Ведь Наташку он любил.
— У тебя было много женщин? — тихий голос Зарайской вдруг отдал какой-то бархатистой хрипотцой. И Дебольскому показалось, что в пустынном полумраке коридора в ответ на него прошла легкая зыбь.
И отдалась светло-зеленой рябью на ее платье: Зарайская переступила ногами, выдвинула одно колено, убрала назад другое.
Внизу раздался смех, громко хлопнула входная дверь, а это значило, что вращающиеся ворота уже отключила охрана. В большом холле с громким щелчком погас свет, и здесь — на втором этаже — стало сумрачнее. Офис опустел.

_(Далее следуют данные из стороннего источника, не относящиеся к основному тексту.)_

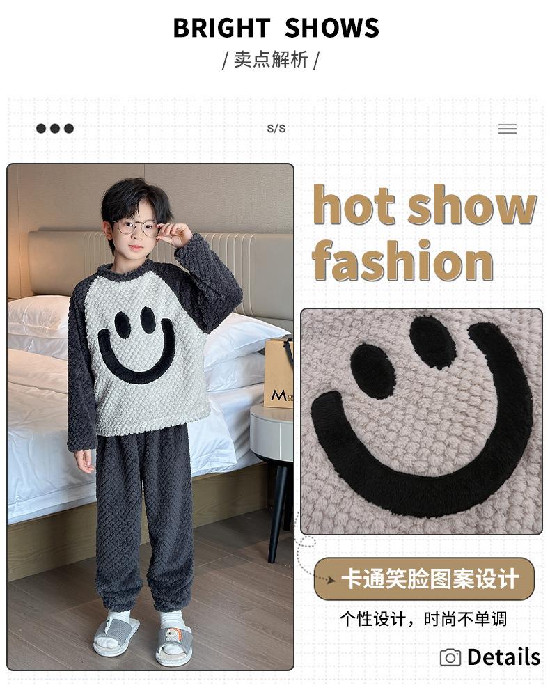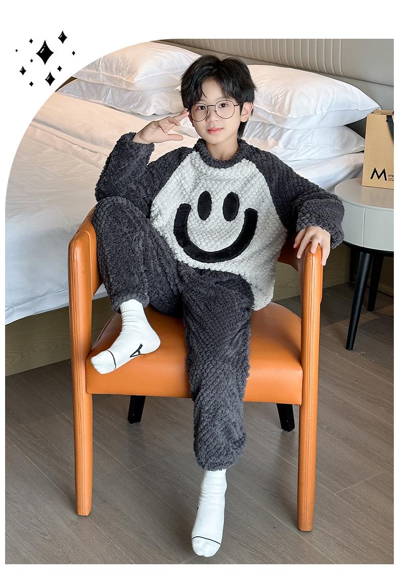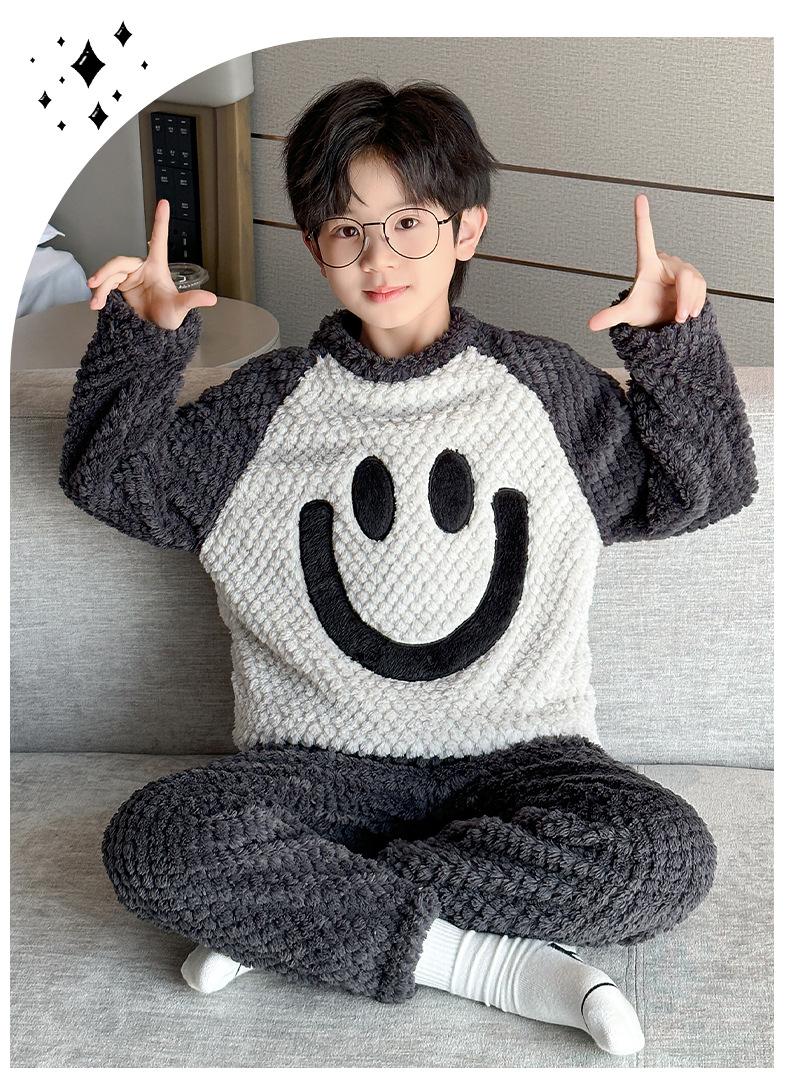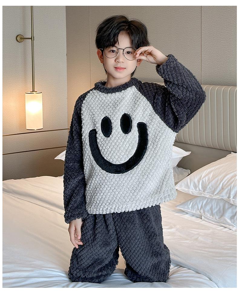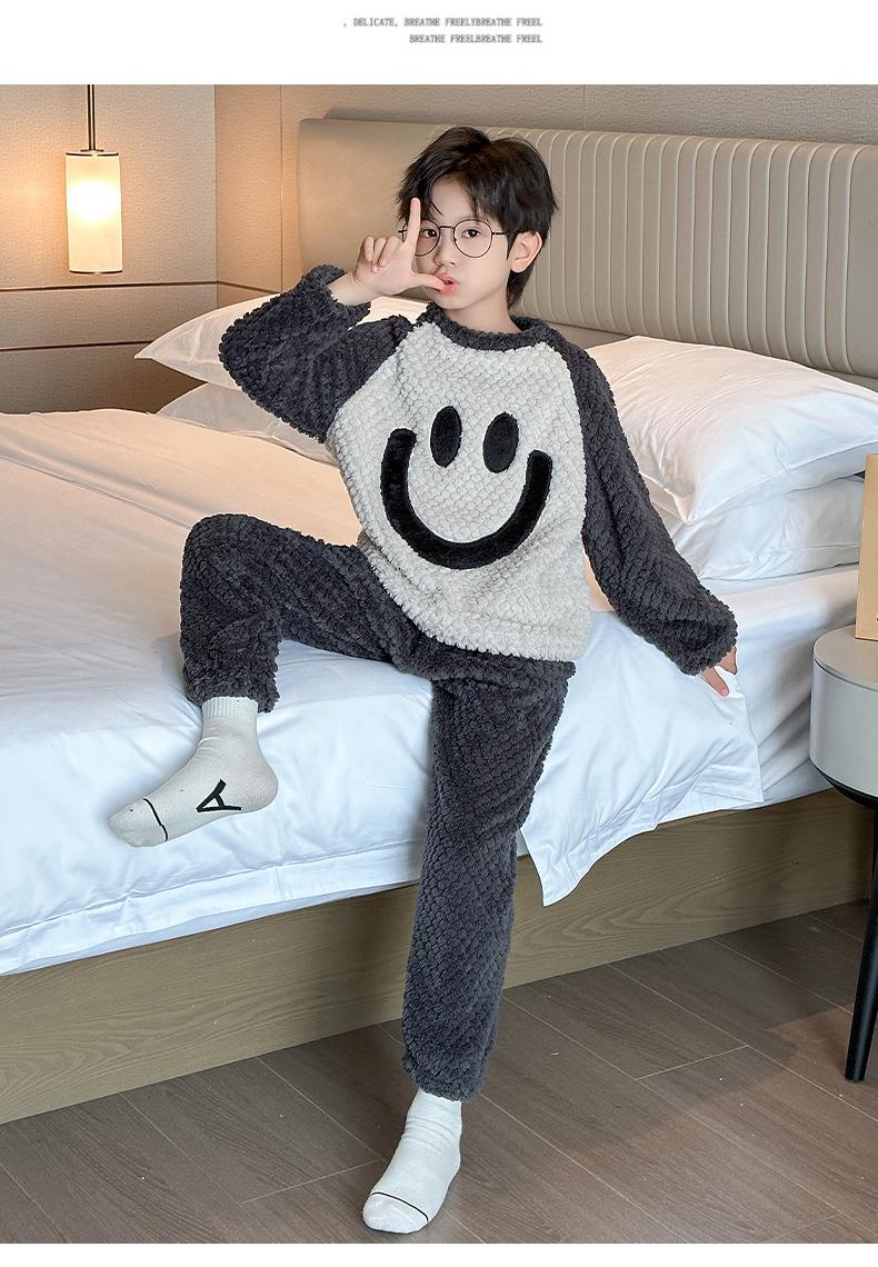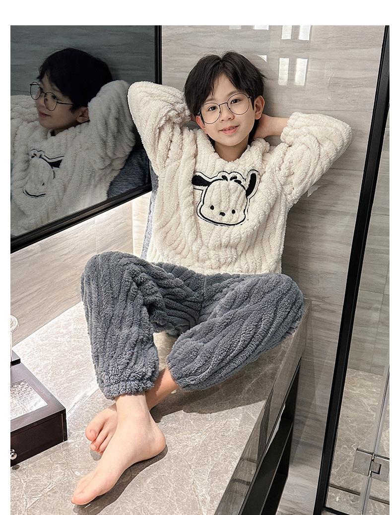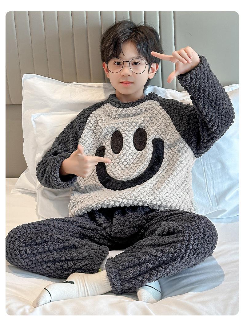 Traje de abrigo grueso y forrado de polar coral nuevo para otoño e invierno para niños, ropa de franela grande para el hogar para uso exterior

— Давай выпьем вина, — предложила Зарайская. И, не опуская головы, повела рукой. Меж пол пальто матово блеснул бок бутылки. Чье горлышко она сжимала пальцами. — У меня все-таки день рождения.
В сумеречном конференце стоял бедлам. Дебольский включил слабое боковое освещение только у самой двери. Почему-то не хотелось яркого света. И, не церемонясь, сбросил с единственного не сдвинутого в угол стола горы оставленных на нем черновиков и маркеров.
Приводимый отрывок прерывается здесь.